Belarmino Jelembi, actual director-geral do Fundo de Apoio Social (FAS), acredita, também, que o sucesso das medidas “dependem em boa medida do nível de articulação dos programas em várias dimensões, sobretudo ao nível local”.
O jurista defende que o financiamento às cooperativas e à agricultura familiar deve estar associado a uma forte componente de organização e capacitação técnica dos agricultores nacionais.
Caso isso aconteça, será uma forma de criar ou incentivar o surgimento de um mercado de trabalho e de investimento específico para os técnicos agrícolas, agrónomos, contabilistas e consultores de pequena dimensão.
É ainda uma oportunidade para o país construir uma visão mais abrangente e integrada do sector primário da economia. Os impactos positivos ultrapassam a dimensão do acesso à terra e ao crédito. E podem facilitar o desenvolvimento de uma verdadeira economia rural.
“Vou dar um exemplo concreto: se o fomento das cooperativas incluir verbas para a assistência técnica e fomento organizacional, isto pode gerar um grande impacto na economia agrícola. Não nos podemos esquecer que o investimento na agricultura familiar é uma das vias para melhorar a distribuição da riqueza em Angola”.
USD 100 milhões
Com o país em Estado de Emergência, as empresas estão de portas fechadas e desligaram as máquinas registadoras. A facturação está praticamente a zero em diversos sectores económicos.
O cenário terá um efeito directo, ainda por contabilizar, num mercado de trabalho com poucas oportunidades. Quando a economia voltar a funcionar, nem todas as empresas vão poder manter o mesmo número de trabalhadores.

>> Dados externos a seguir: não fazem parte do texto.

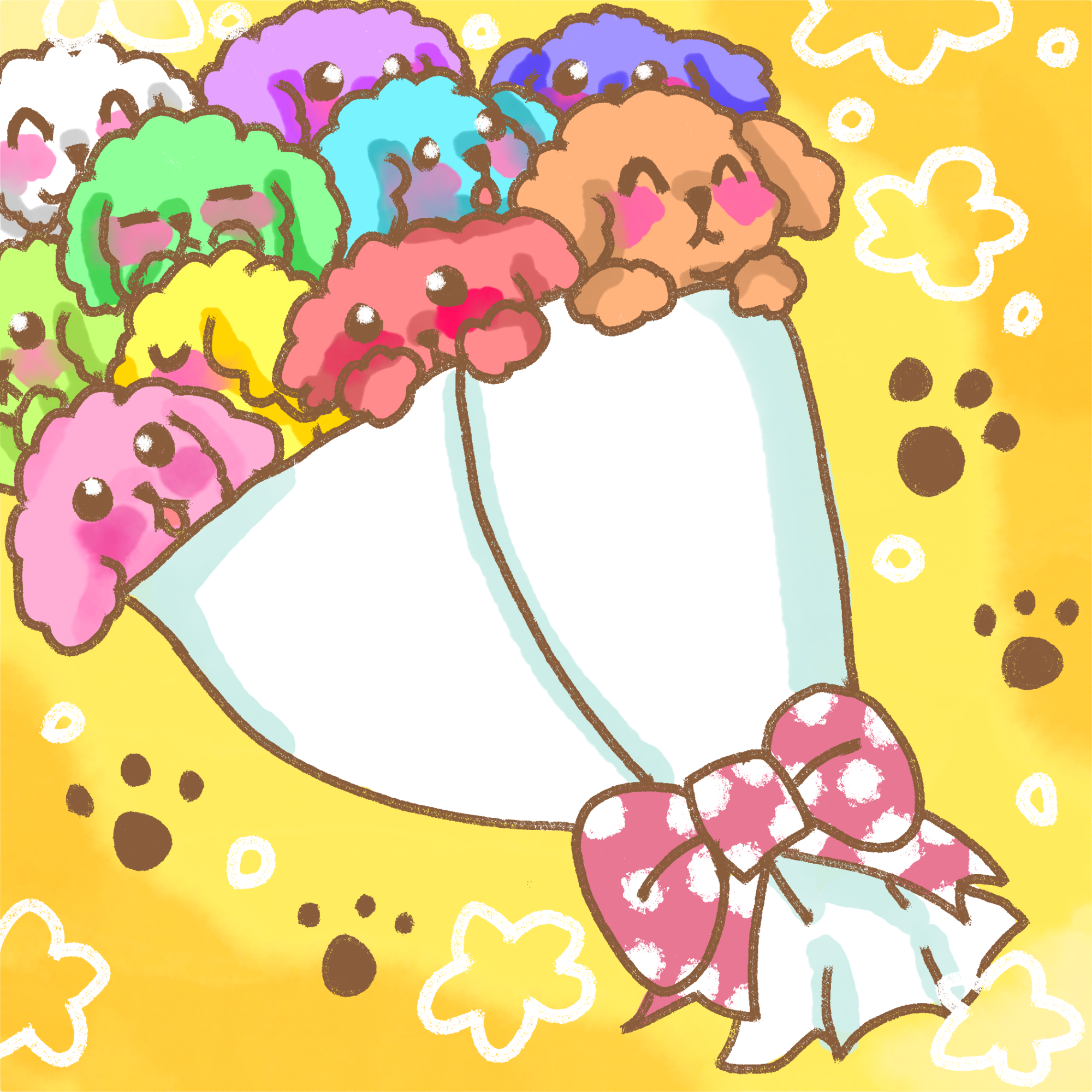 可愛くてふわふわでもこもこなプードルをブーケにして描いてみました。パステルカラーな毛並みも可愛すぎる♡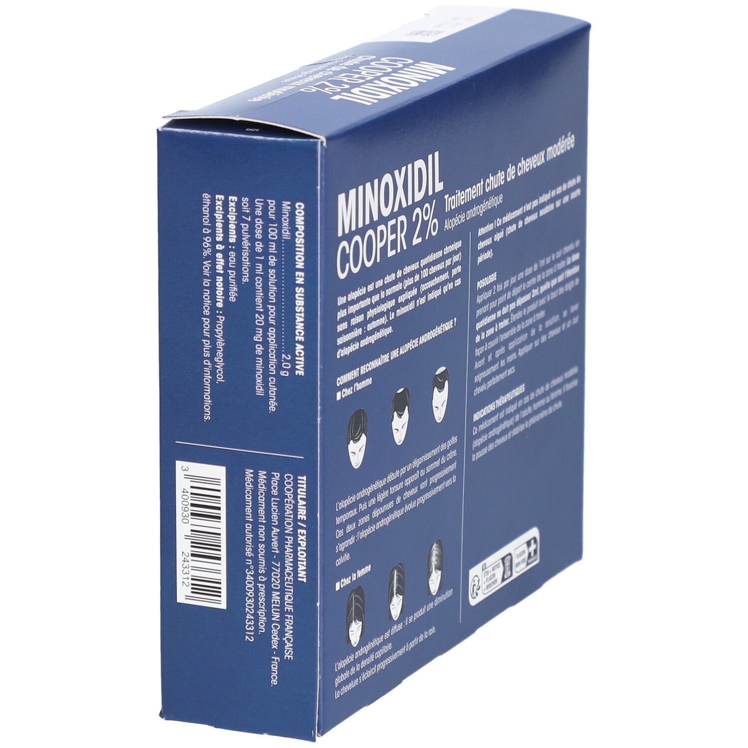 Le Minoxidil Cooper 2% traite la chute de cheveux modérée, ou alopécie androgénétique. Une alopécie androgénétique est une chute de cheveux quotidienne chronique plus importante que la normale (plus de cent cheveux par jour) sans raison physiologique expliquée (accouchement, perte saisonnière à l'automne et au printemps).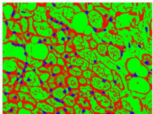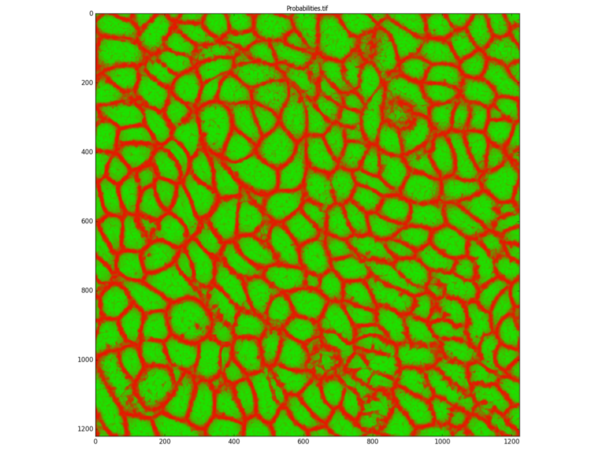 In this case, we can use ilastik as Kyle has demonstrated to generate a probability map of cell components, i.e. nuclei in blue, cell boundaries in dark red, and lipid droplets/ empty space in green: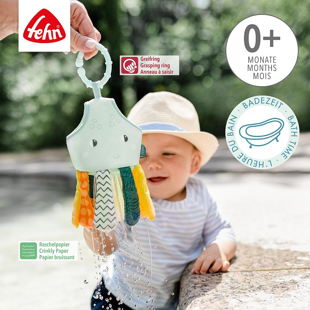 - Para um banho feliz – a diversão do banho é garantida aqui! Com o polvo gotejante da coleção Plansch & Play, tomar banho e brincar agora é ainda mais divertido. O lindo amigo do banho é simplesmente submerso brevemente e puxado novamente usando o anel de aderência - a água escorrendo é então distribuída suavemente por toda a banheira. A água corre pelos buracos na parte inferior do polvo e cria maravilhosos efeitos de respingos de água. Tomar banho é uma verdadeira alegria! O polvo também está equipado com papel farfalhante em seus tentáculos. Não só é o companheiro perfeito para todos os dias de natação, mas também proporciona muita diversão por muito tempo.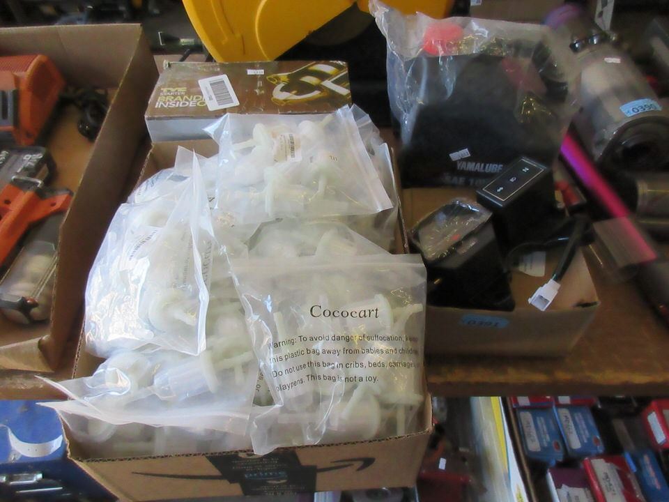 Motorcycle speedometer, Jug of 10W40 oil, box of gas filters and a starter motor.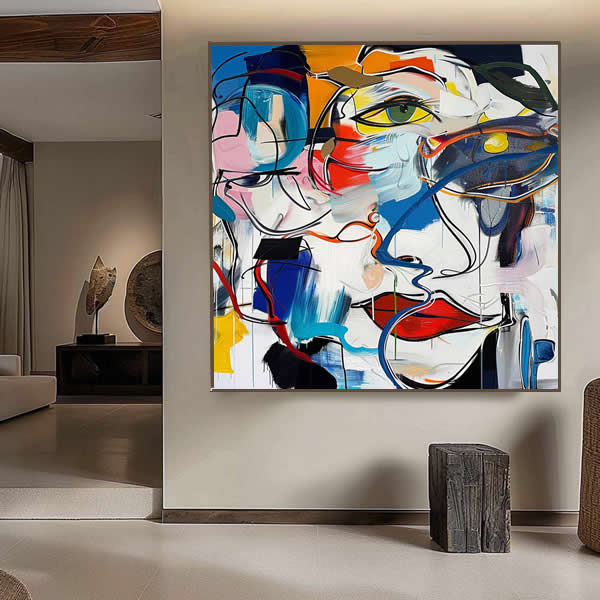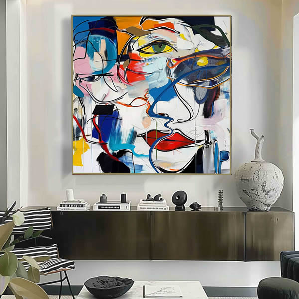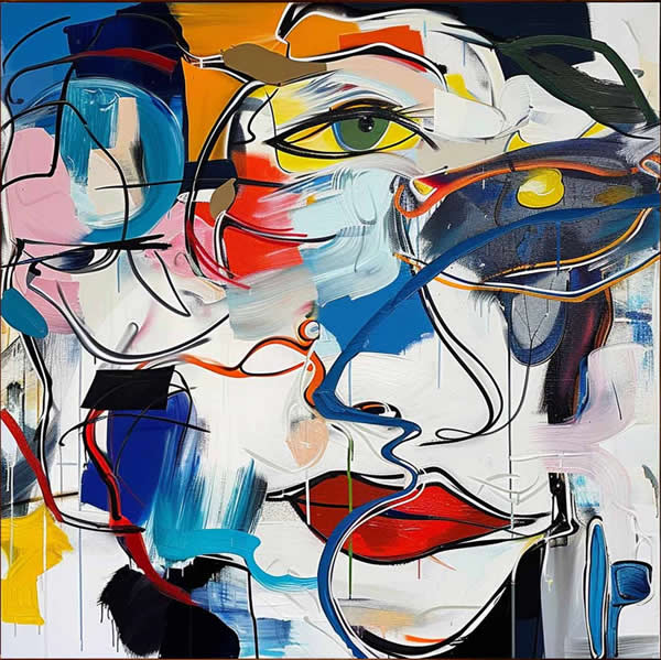 Esta pintura abstrata é uma vibrante explosão de cores e formas que entrelaçam diferentes elementos de um rosto humano. Traços sinuosos desenham o contorno de olhos, lábios e partes da face, enquanto pinceladas de azul, vermelho, amarelo e branco se fundem para criar um fundo dinâmico e multifacetado. O olho central, de cor verde vibrante, parece emergir da composição como um ponto de foco, enquanto os lábios vermelhos conferem uma sensualidade que contrasta com a fluidez caótica do restante da obra. A combinação de linhas precisas e pinceladas soltas dá à obra uma energia incontrolável, como se o artista tivesse capturado um momento de introspecção em meio ao turbilhão da mente humana. A pintura convida o observador a interpretar as camadas de emoções e expressões ocultas, provocando uma reflexão sobre a complexidade da identidade e da percepção. O uso de cores ousadas e a sobreposição de formas criam uma harmonia entre o caos e a ordem, tornando esta peça um retrato abstrato de intensidade emocional e beleza visual.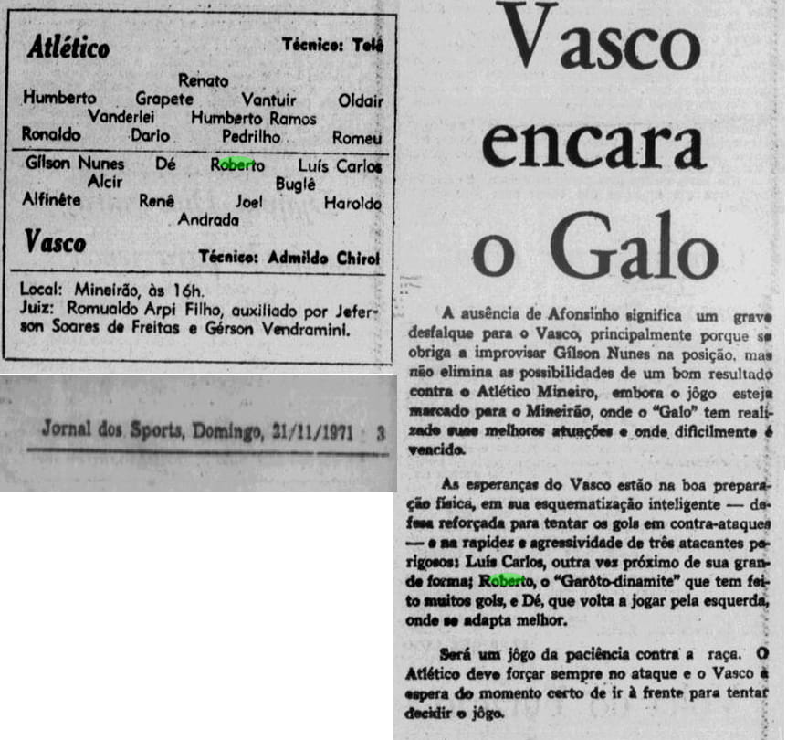 Há 50 anos, Roberto ganhava o apelido de Dinamite e era escalado pela 1ª vez como titular no Vasco

Segundo Precioso Domingos, os incentivos e linhas de crédito do Governo totalizam cerca de 100 milhões de dólares ou 0,15 por cento do Produto Interno Bruto (PIB, indicador que se refere à produção total de riqueza no país).
O economista defende que a intervenção pública deverá ter dois momentos distintos: durante a pandemia (mais focado no apoio às empresas e famílias durante o confinamento) e após a pandemia (para reanimar o tecido produtivo).
Noutras latitudes, as medidas de apoio à economia e aos trabalhadores representam cerca de 10 por cento do PIB.
Mesmo os países com economias mais liberais (onde a intervenção estatal costuma ser mal recebida) têm vindo a anunciar um aumento exponencial dos gastos públicos para conter os efeitos do confinamento forçado e da falta de actividade económica.
“Mas Angola está a recorrer ao Parlamento para diminuir despesas”, lembra Precioso Domingos, em referência à necessidade de rectificar nos próximos meses, em baixa, o Orçamento Geral do Estado de 2020.
Como o país está a implementar um programa com o apoio do FMI, é quase obrigatório manter as contas públicas sustentáveis. O que significa não recorrer a novos empréstimos.
“Estamos numa encruzilhada. Os fundos disponibilizados pelo Governo são insignificantes e acabam por ser uma medida simbólica. São também insuficientes para acudir as famílias. Se calhar, devíamos apoiar mais as empresas, reduzindo os impostos ou através de outros incentivos fiscais”, sugere o investigador do CEIC.